**Entries supplied:**
------
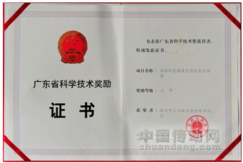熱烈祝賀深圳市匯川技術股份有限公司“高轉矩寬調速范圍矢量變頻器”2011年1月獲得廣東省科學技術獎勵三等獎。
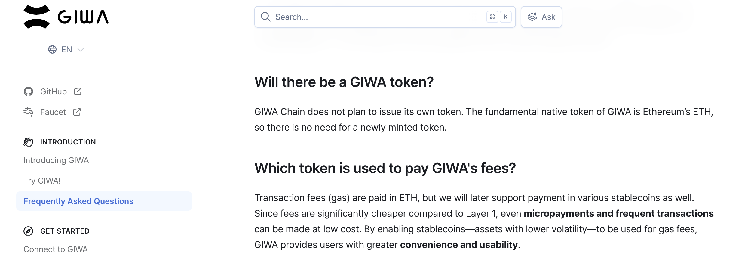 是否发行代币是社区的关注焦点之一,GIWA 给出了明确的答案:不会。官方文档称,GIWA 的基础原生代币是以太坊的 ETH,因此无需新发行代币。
------
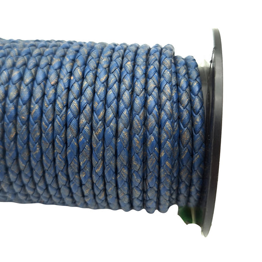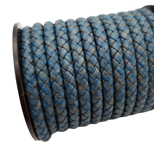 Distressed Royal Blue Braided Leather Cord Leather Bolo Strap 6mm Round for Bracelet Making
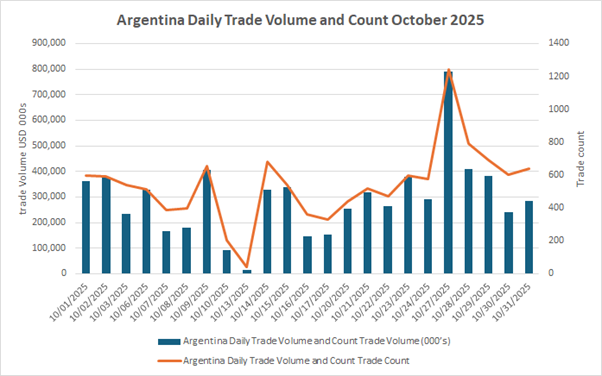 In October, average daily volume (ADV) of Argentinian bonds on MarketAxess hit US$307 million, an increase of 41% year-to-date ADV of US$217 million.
------
**Assigned task:** Everything from the line with "熱烈祝賀深圳市匯川技術股份有" down to the line with "是否发行代币是社区的关注焦点之一,GIWA 给出了明确的答案:不会。官方文档称,GIWA 的基础原生代币是以太坊的" in the data above should be copied exactly, with both end lines kept and the pictures left out.

**Expected answer:**
熱烈祝賀深圳市匯川技術股份有限公司“高轉矩寬調速范圍矢量變頻器”2011年1月獲得廣東省科學技術獎勵三等獎。
 是否发行代币是社区的关注焦点之一,GIWA 给出了明确的答案:不会。官方文档称,GIWA 的基础原生代币是以太坊的 ETH,因此无需新发行代币。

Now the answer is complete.